[Given data]
□ □ □

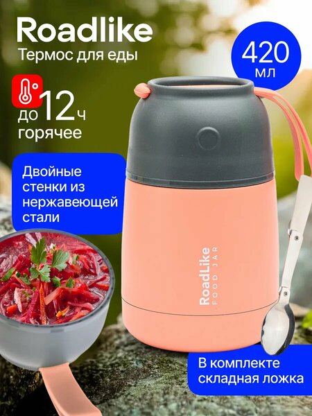 Термос для еды RoadLike - отличное решение для тех, кто хочет всегда иметь свою любимую еду с собой. Имеет объемом 420 мл и изготовлен из высококачественной нержавеющей стали, обладающей антикоррозийными свойствами. Он прочен и устойчив к деформации, не изменяет вкусовые качества пищи и легко моется. Термос 0,5 мл - это идеальное решение для тех, кто хочет взять с собой больше еды. Наш Термос для еды имеет двойные стенки и вакуумную изоляцию, что позволяет сохранять тепло до 6 часов и холод до 12 часов. Благодаря этому вы всегда сможете наслаждаться свежей и горячей едой, независимо от того, где вы находитесь. Термос детский - это отличный выбор для детей. Он прочный, легкий и легко помещается в рюкзак. Благодаря плотной крышке с силиконовым кольцом, предотвращающей протекание и расплескивание содержимого, вы можете быть уверены, что ваш ребенок не испачкает себя и окружающих содержимым из термопосуды. Это отличное решение для тех, кто любит супы и горячие блюда. Термос для супа имеет широкое горло, что позволяет комфортно наливать и есть еду. Благодаря двойным стенкам и вакуумной изоляции, он сохраняет тепло до 6 часов, что позволяет наслаждаться горячим супом в любое время и в любом месте. Это идеальное решение для тех, кто хочет комфортно наслаждаться своей любимой едой в путешествиях или в брать ее с собой на обед в офис. Благодаря широкому горлу, вы можете легко наливать и есть еду, а благодаря двойным стенкам и вакуумной изоляции, он сохраняет тепло до 6 часов. В комплекте предусмотрена ложка, что делает его еще более удобным и практичным. Roadlike - возьми комфорт в дорогу!
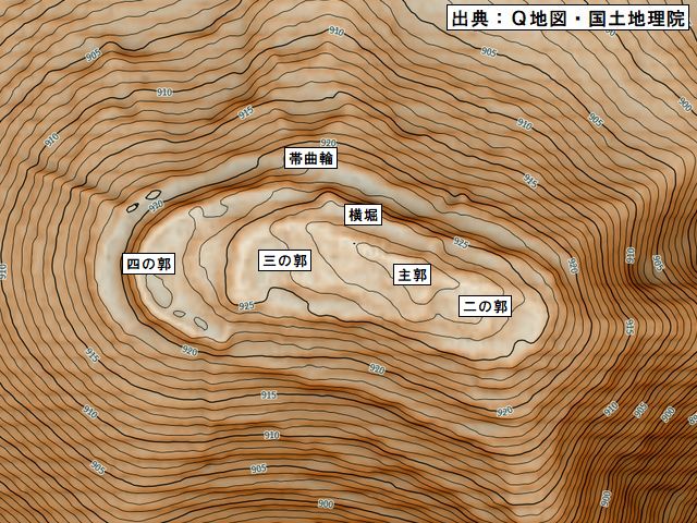 祢津城と言えば東部湯の丸サービスエリアからよく見える祢津下ノ城を指すことが多い。その背後に聳える標高926mの祢津上ノ城はあまり知られておらず訪れる人もないようで城跡は荒れている。下ノ城に対して上ノ城のほうがちょうど100m高いが、遠目に見ると上ノ城は平たい印象を受ける。
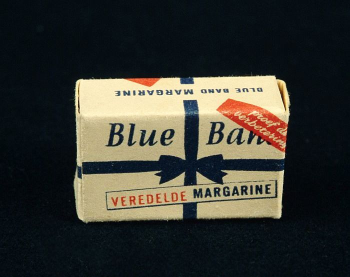 Klein rechthoekig pakje "Blue Band" margarine, gebro...
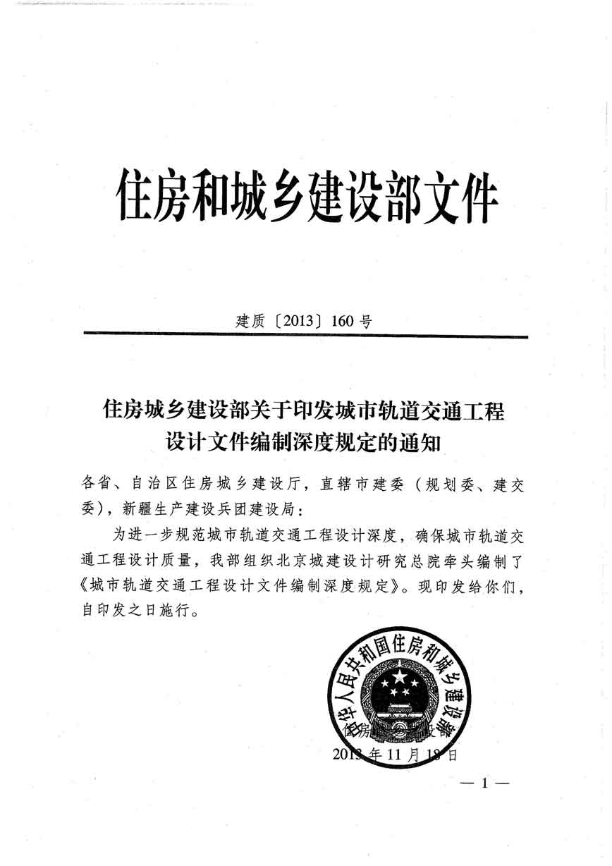 住房城鄉建設部關于印發城市軌道交通工程設計文件編制深度規定的通知
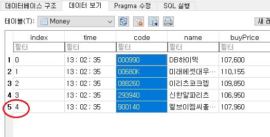 먼저 이 상황이 맞는지 체크하기 위해서 일단 Account Money라는 데이터 베이스를 열어서 계좌를 확인해 보면, 5개의 종목을 매수한 사실을 확인할 수 있습니다.
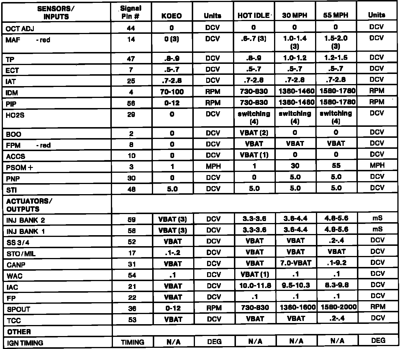 (4) -- HO2S should switch from rich (red LED) to lean (green LED), or lean to rich, at least once every 3 seconds. HO2S voltage should toggle above and below .450 DCV and should never be a negative value.
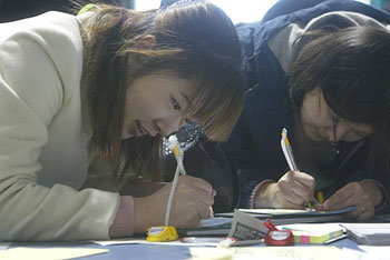 13日下午,在安養市青少年訓練館舉行的京畿道招聘博覽會上,參加的求職者正在認真地填寫資料。由72家京畿道內的公司參加了此次招聘博覽會,有421人被聘用。
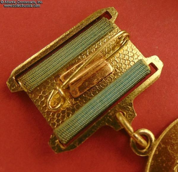 In excellent condition. The enamel is perfect. The gilt finish is perfectly preserved and bright, having only a couple of tiny spots and no significant tarnish. The old, clearly original ribbon is well-preserved and sound.

□ □ □

[Task prompt]
Pictures do not go in the copy; print every entry exactly as it stands.

[Response for this exercise]
 Термос для еды RoadLike - отличное решение для тех, кто хочет всегда иметь свою любимую еду с собой. Имеет объемом 420 мл и изготовлен из высококачественной нержавеющей стали, обладающей антикоррозийными свойствами. Он прочен и устойчив к деформации, не изменяет вкусовые качества пищи и легко моется. Термос 0,5 мл - это идеальное решение для тех, кто хочет взять с собой больше еды. Наш Термос для еды имеет двойные стенки и вакуумную изоляцию, что позволяет сохранять тепло до 6 часов и холод до 12 часов. Благодаря этому вы всегда сможете наслаждаться свежей и горячей едой, независимо от того, где вы находитесь. Термос детский - это отличный выбор для детей. Он прочный, легкий и легко помещается в рюкзак. Благодаря плотной крышке с силиконовым кольцом, предотвращающей протекание и расплескивание содержимого, вы можете быть уверены, что ваш ребенок не испачкает себя и окружающих содержимым из термопосуды. Это отличное решение для тех, кто любит супы и горячие блюда. Термос для супа имеет широкое горло, что позволяет комфортно наливать и есть еду. Благодаря двойным стенкам и вакуумной изоляции, он сохраняет тепло до 6 часов, что позволяет наслаждаться горячим супом в любое время и в любом месте. Это идеальное решение для тех, кто хочет комфортно наслаждаться своей любимой едой в путешествиях или в брать ее с собой на обед в офис. Благодаря широкому горлу, вы можете легко наливать и есть еду, а благодаря двойным стенкам и вакуумной изоляции, он сохраняет тепло до 6 часов. В комплекте предусмотрена ложка, что делает его еще более удобным и практичным. Roadlike - возьми комфорт в дорогу!
 祢津城と言えば東部湯の丸サービスエリアからよく見える祢津下ノ城を指すことが多い。その背後に聳える標高926mの祢津上ノ城はあまり知られておらず訪れる人もないようで城跡は荒れている。下ノ城に対して上ノ城のほうがちょうど100m高いが、遠目に見ると上ノ城は平たい印象を受ける。
 Klein rechthoekig pakje "Blue Band" margarine, gebro...
 住房城鄉建設部關于印發城市軌道交通工程設計文件編制深度規定的通知
 먼저 이 상황이 맞는지 체크하기 위해서 일단 Account Money라는 데이터 베이스를 열어서 계좌를 확인해 보면, 5개의 종목을 매수한 사실을 확인할 수 있습니다.
 (4) -- HO2S should switch from rich (red LED) to lean (green LED), or lean to rich, at least once every 3 seconds. HO2S voltage should toggle above and below .450 DCV and should never be a negative value.
 13日下午,在安養市青少年訓練館舉行的京畿道招聘博覽會上,參加的求職者正在認真地填寫資料。由72家京畿道內的公司參加了此次招聘博覽會,有421人被聘用。
 In excellent condition. The enamel is perfect. The gilt finish is perfectly preserved and bright, having only a couple of tiny spots and no significant tarnish. The old, clearly original ribbon is well-preserved and sound.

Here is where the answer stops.